From the material below, reproduce exactly the stretch of lines that begins with the line holding "Táto farebná drevená" and ends with the line holding "공개된 '아무도 안 속을", skipping the pictures.

MATERIAL PROVIDED —
----------------------------------------

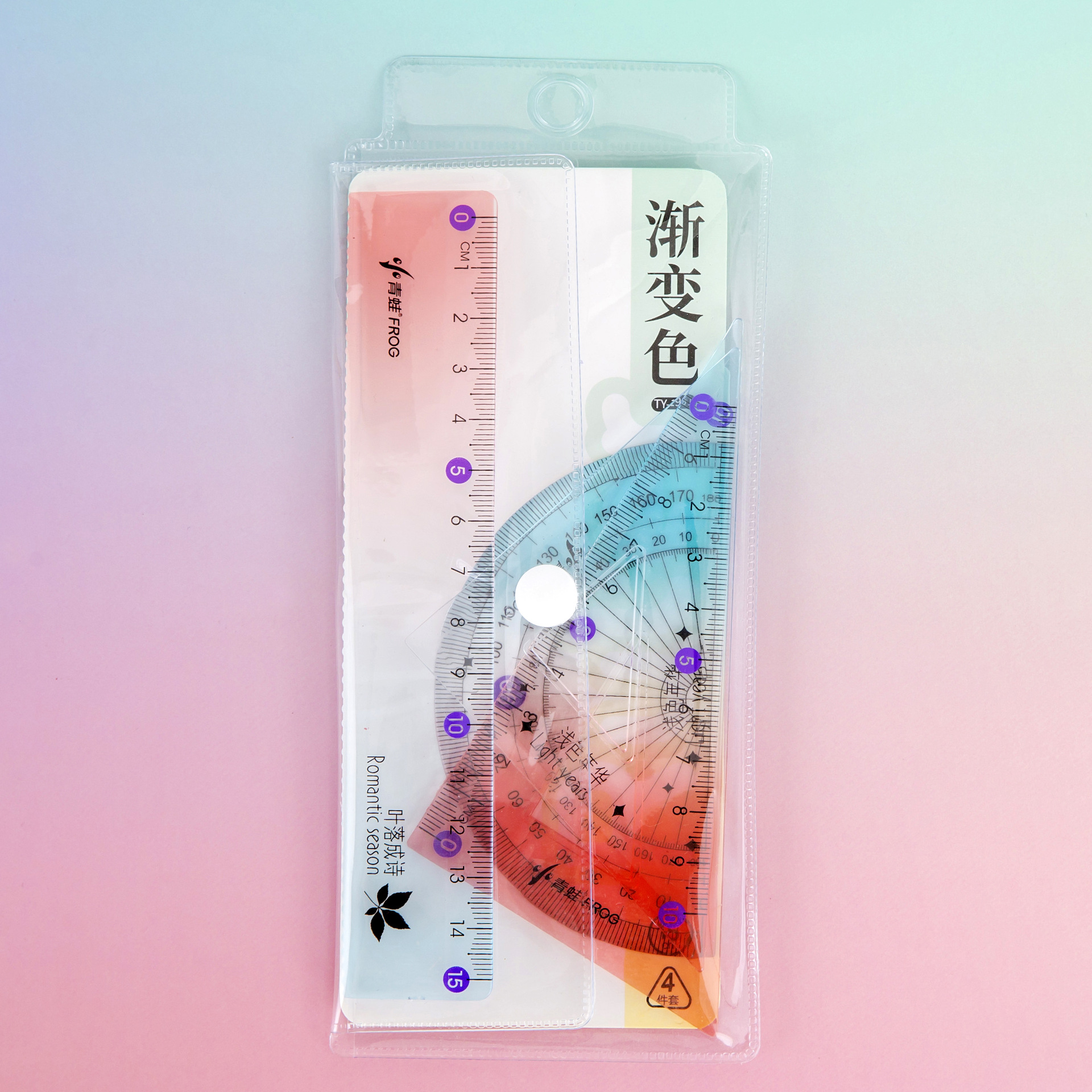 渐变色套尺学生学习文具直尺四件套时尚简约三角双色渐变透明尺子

----------------------------------------

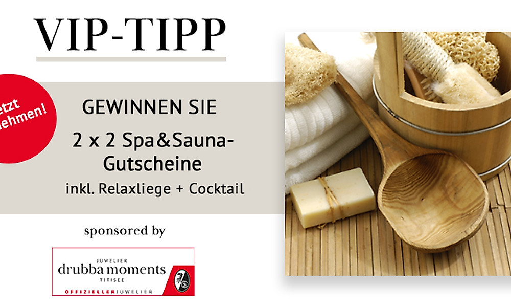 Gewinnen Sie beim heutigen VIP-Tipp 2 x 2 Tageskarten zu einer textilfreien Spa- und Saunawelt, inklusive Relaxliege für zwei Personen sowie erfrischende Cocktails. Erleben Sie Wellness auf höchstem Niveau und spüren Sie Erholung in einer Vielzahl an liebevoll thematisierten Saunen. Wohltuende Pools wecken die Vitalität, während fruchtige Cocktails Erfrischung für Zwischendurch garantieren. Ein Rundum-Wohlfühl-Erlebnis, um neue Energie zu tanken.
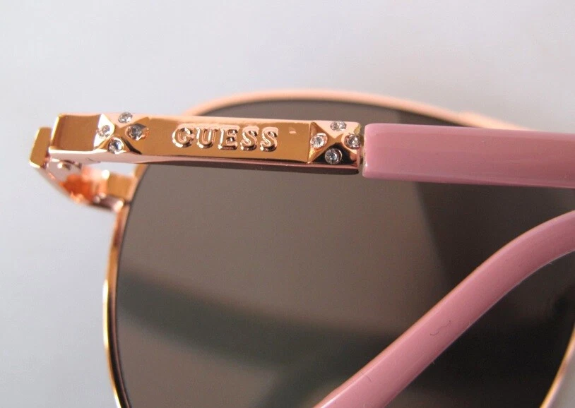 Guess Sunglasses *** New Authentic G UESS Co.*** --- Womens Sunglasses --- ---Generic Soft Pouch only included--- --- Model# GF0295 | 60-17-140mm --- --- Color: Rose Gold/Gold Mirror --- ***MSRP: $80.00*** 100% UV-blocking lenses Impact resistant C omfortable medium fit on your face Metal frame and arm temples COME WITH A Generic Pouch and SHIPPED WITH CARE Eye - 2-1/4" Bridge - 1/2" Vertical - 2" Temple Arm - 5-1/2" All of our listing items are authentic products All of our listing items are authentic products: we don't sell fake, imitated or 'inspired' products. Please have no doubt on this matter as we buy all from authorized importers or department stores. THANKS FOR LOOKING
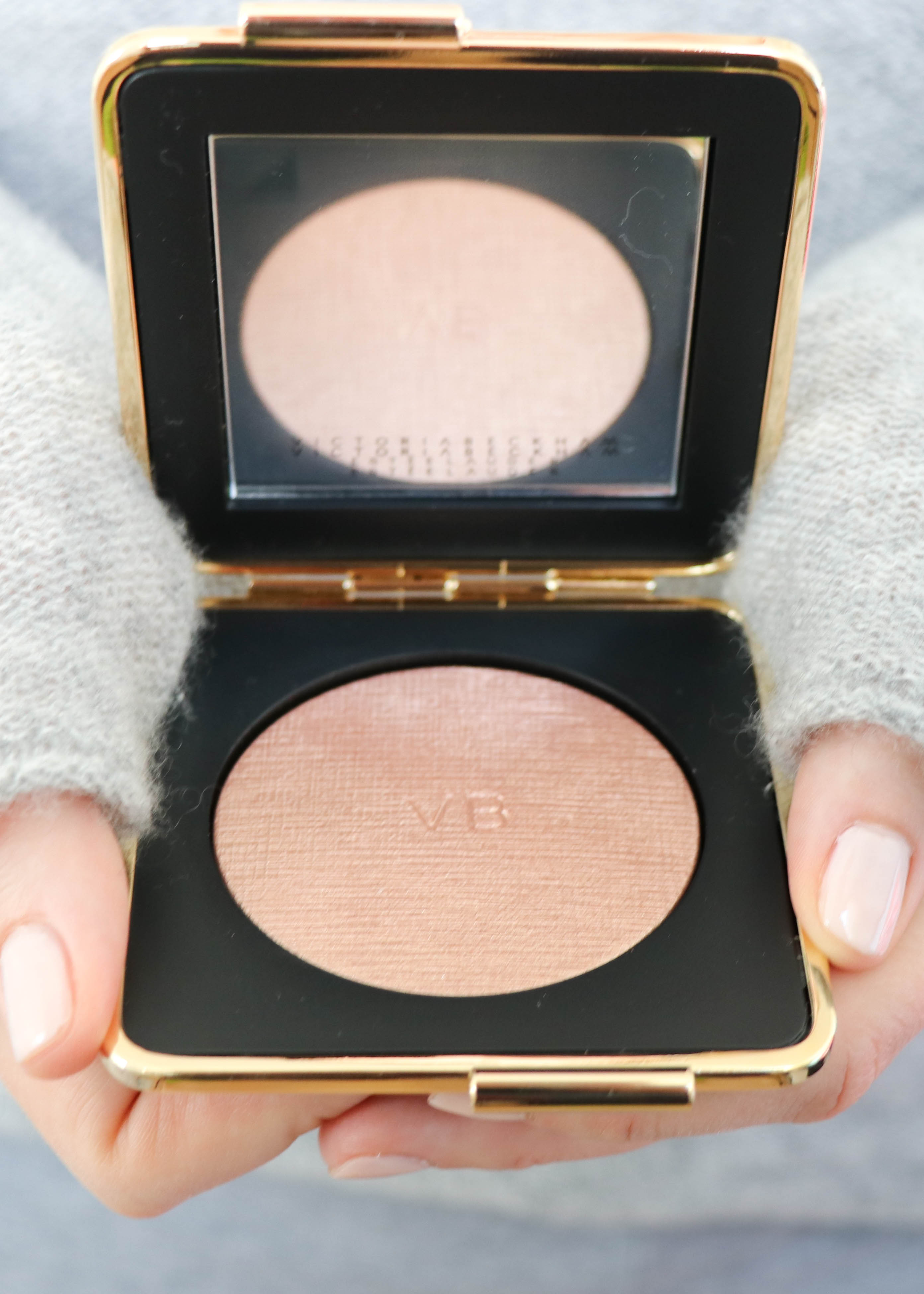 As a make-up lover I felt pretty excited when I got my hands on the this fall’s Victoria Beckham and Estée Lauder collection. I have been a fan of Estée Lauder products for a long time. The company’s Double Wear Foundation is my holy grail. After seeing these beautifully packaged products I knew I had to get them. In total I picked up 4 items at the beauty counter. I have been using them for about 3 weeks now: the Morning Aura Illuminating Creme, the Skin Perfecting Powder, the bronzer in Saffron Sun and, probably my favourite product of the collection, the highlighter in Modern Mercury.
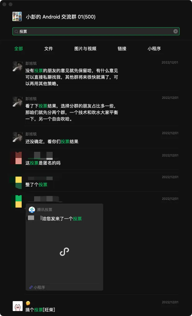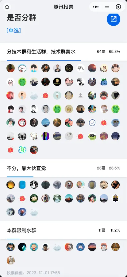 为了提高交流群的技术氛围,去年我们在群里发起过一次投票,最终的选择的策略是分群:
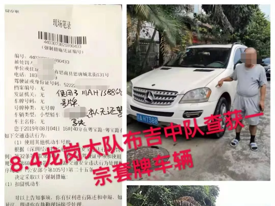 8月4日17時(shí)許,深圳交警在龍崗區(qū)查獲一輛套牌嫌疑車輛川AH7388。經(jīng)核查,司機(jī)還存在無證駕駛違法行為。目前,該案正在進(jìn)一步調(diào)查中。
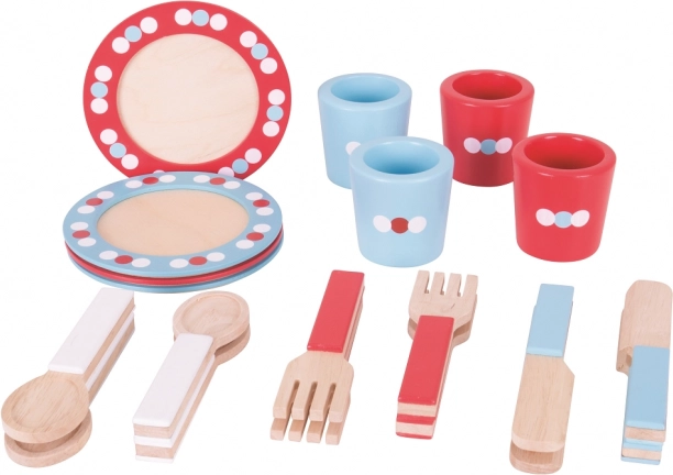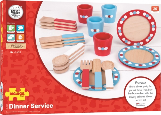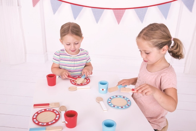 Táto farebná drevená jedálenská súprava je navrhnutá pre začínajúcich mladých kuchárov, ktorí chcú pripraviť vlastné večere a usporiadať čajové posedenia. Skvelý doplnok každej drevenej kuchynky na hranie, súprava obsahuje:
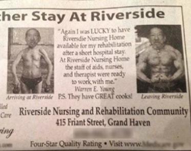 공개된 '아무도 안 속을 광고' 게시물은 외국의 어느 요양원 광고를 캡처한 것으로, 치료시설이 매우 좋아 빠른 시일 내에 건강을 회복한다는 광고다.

----------------------------------------

EXERCISE OUTPUT —
 Táto farebná drevená jedálenská súprava je navrhnutá pre začínajúcich mladých kuchárov, ktorí chcú pripraviť vlastné večere a usporiadať čajové posedenia. Skvelý doplnok každej drevenej kuchynky na hranie, súprava obsahuje:
 공개된 '아무도 안 속을 광고' 게시물은 외국의 어느 요양원 광고를 캡처한 것으로, 치료시설이 매우 좋아 빠른 시일 내에 건강을 회복한다는 광고다.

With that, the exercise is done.